Segment Start: Task material

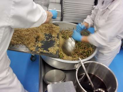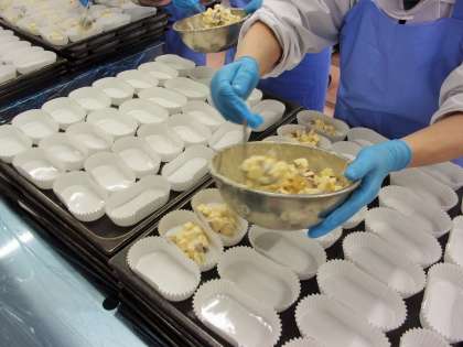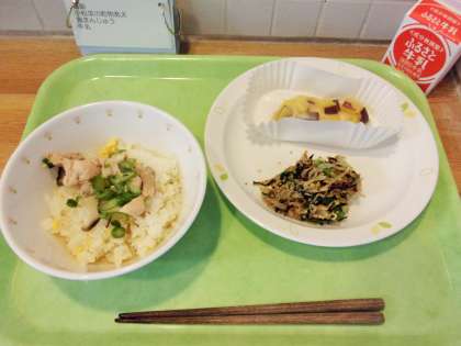 給食では、ごはんに炒り卵を混ぜ、鶏ガラスープに鶏肉やしいたけを入れて作りました。
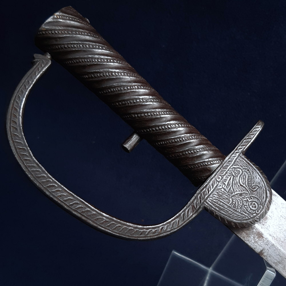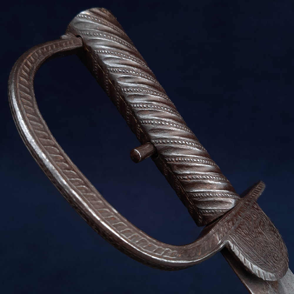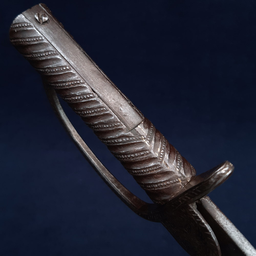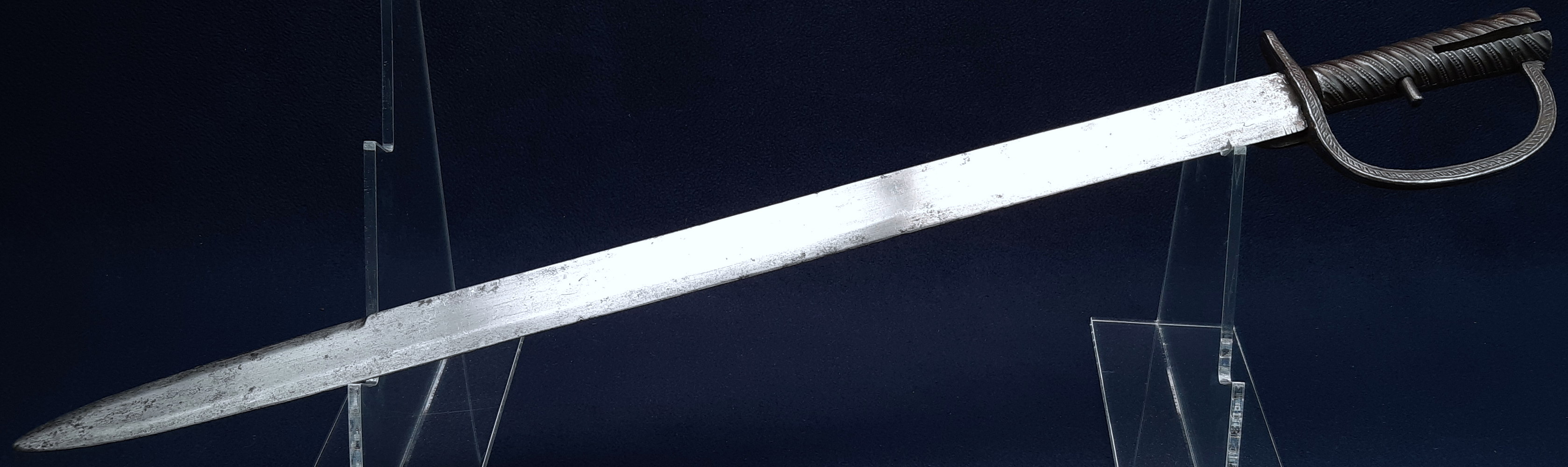 The locking mechanism functions, although I have not tested whether it will fit to a Brunswick. The blade has some forging imperfections, light scratching and some small spots of patination and light cleaned pitting in places, particularly towards the tip, which is rounded by ~3mm. A number of tiny nicks to both edges, one small notch to the true edge. The hilt has a dark forged finish with light rubbing wear to raised edges showing bright steel. The blade is solidly peened to the grip, slight movement to the knucklebow & langet.
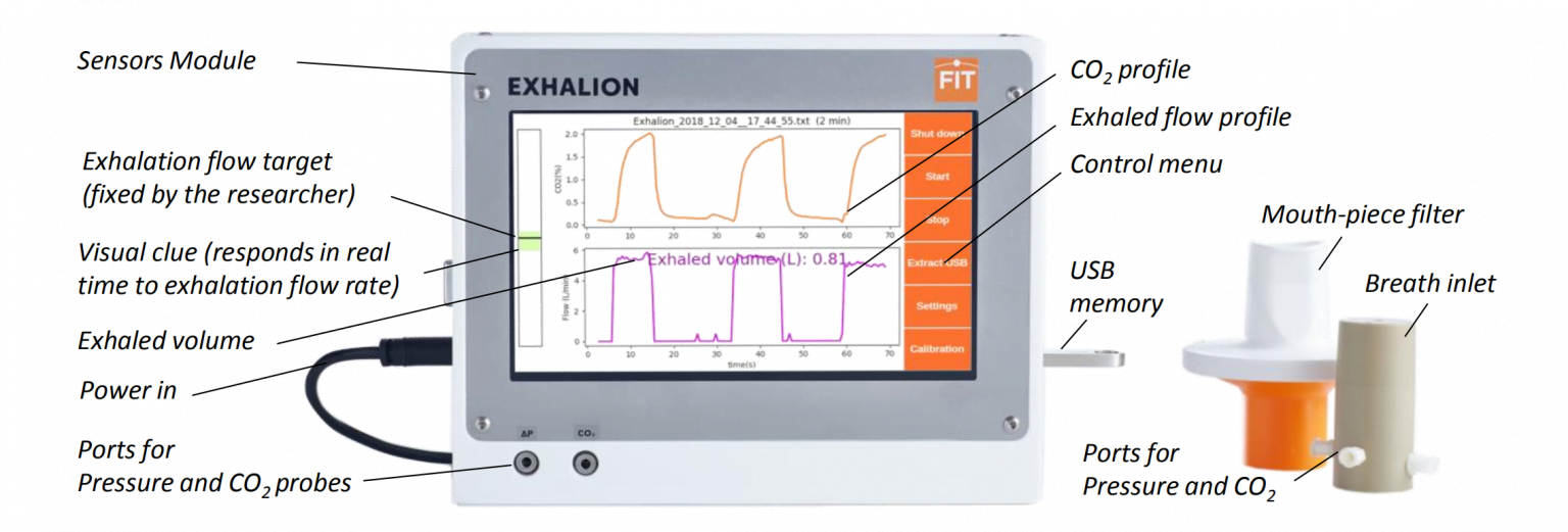 EXHALION comprises an autoclavable Breath Inlet, and a Sensors Module that houses the touchscreen and all electronics. The Breath Inlet is compatible with medical grade disposable spirometry mouth-piece filters, and SUPER SESI. The Sensor Module can be seamlessly attached to the MS.
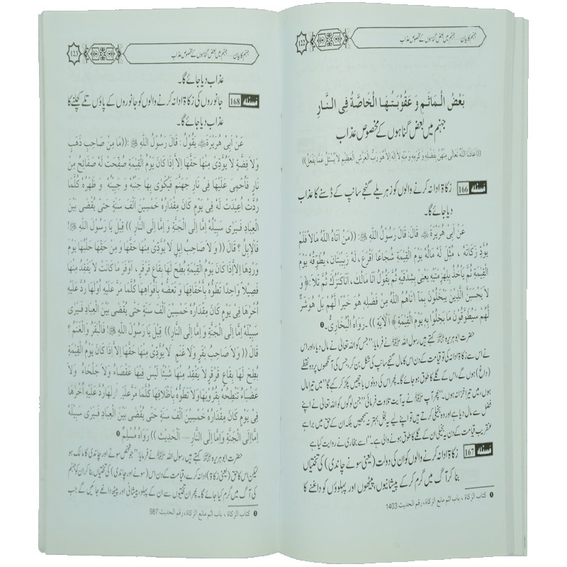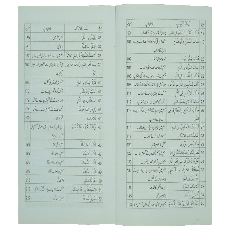 اس کتاب میں جہنم کے وجود کا ثبوت، جہنم کے دروازے اور درجات، ہلکا ترین عذاب، آگ کی شدت، اہل جہنم کا کھانا پینا، لباس، بستر، چھتریاں، قناتیں، ہتھکڑیاں اور بیڑیاں، نیز جہنم میں لوہے کے ہتھوڑوں، گرزوں، سانپوں اور بچھوؤں، زہریلی گیس اور زہریلے دھوئیں کے عذابوں کا ذکر قرآن مجید اور احادیث صحیحہ کے حوالے سے کیا گیا ہے۔
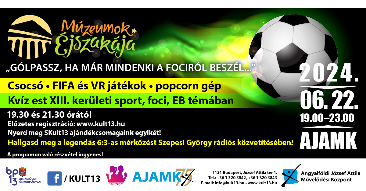 A Múzeumok Éjszakája programjához csatlakozva idén is várjuk látogatóinkat az Angyalföldi József Attila Művelődési Központba. A rendezvény mottója a ”Gólpassz, ha már mindenki a fociról beszél”. Foci, EB és XIII. kerületi sport témában hangulatos, vezetett kvízesttel készülünk, melyre várjuk a versenyzők előzetes jelentkezését június 21., 13.00 óráig. A kvízestet Bartha Álmos, a QuizNight alapítója tartja. A programon nem lesz hiány az ikonikus focis játékokból sem. A gyerekek és a felnőttek is egyaránt kipróbálhatják majd a FIFA és VR játékokat, illetve a csocsó asztalokat. Az est folyamán meghallgatjuk majd a legendás 6:3-as mérkőzést Szepesi György rádiós közvetítésében, sőt, még egy kis friss pop-cornnal is készülünk látogatóinknak.
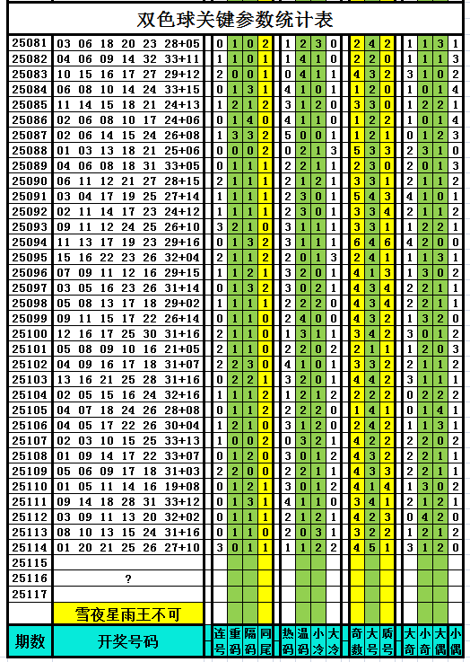 以下是作者手工统计的双色球关键参数统计表,对喜欢参数分析、过滤缩水、选号胆杀的技术性双色球爱好者有所帮助,其它读者可略过不看。

Segment End: Task material

### [Aim of the task]
The preceding entries are to be returned verbatim, with every picture excluded.

### [Solution]
 給食では、ごはんに炒り卵を混ぜ、鶏ガラスープに鶏肉やしいたけを入れて作りました。
 The locking mechanism functions, although I have not tested whether it will fit to a Brunswick. The blade has some forging imperfections, light scratching and some small spots of patination and light cleaned pitting in places, particularly towards the tip, which is rounded by ~3mm. A number of tiny nicks to both edges, one small notch to the true edge. The hilt has a dark forged finish with light rubbing wear to raised edges showing bright steel. The blade is solidly peened to the grip, slight movement to the knucklebow & langet.
 EXHALION comprises an autoclavable Breath Inlet, and a Sensors Module that houses the touchscreen and all electronics. The Breath Inlet is compatible with medical grade disposable spirometry mouth-piece filters, and SUPER SESI. The Sensor Module can be seamlessly attached to the MS.
 اس کتاب میں جہنم کے وجود کا ثبوت، جہنم کے دروازے اور درجات، ہلکا ترین عذاب، آگ کی شدت، اہل جہنم کا کھانا پینا، لباس، بستر، چھتریاں، قناتیں، ہتھکڑیاں اور بیڑیاں، نیز جہنم میں لوہے کے ہتھوڑوں، گرزوں، سانپوں اور بچھوؤں، زہریلی گیس اور زہریلے دھوئیں کے عذابوں کا ذکر قرآن مجید اور احادیث صحیحہ کے حوالے سے کیا گیا ہے۔
 A Múzeumok Éjszakája programjához csatlakozva idén is várjuk látogatóinkat az Angyalföldi József Attila Művelődési Központba. A rendezvény mottója a ”Gólpassz, ha már mindenki a fociról beszél”. Foci, EB és XIII. kerületi sport témában hangulatos, vezetett kvízesttel készülünk, melyre várjuk a versenyzők előzetes jelentkezését június 21., 13.00 óráig. A kvízestet Bartha Álmos, a QuizNight alapítója tartja. A programon nem lesz hiány az ikonikus focis játékokból sem. A gyerekek és a felnőttek is egyaránt kipróbálhatják majd a FIFA és VR játékokat, illetve a csocsó asztalokat. Az est folyamán meghallgatjuk majd a legendás 6:3-as mérkőzést Szepesi György rádiós közvetítésében, sőt, még egy kis friss pop-cornnal is készülünk látogatóinknak.
 以下是作者手工统计的双色球关键参数统计表,对喜欢参数分析、过滤缩水、选号胆杀的技术性双色球爱好者有所帮助,其它读者可略过不看。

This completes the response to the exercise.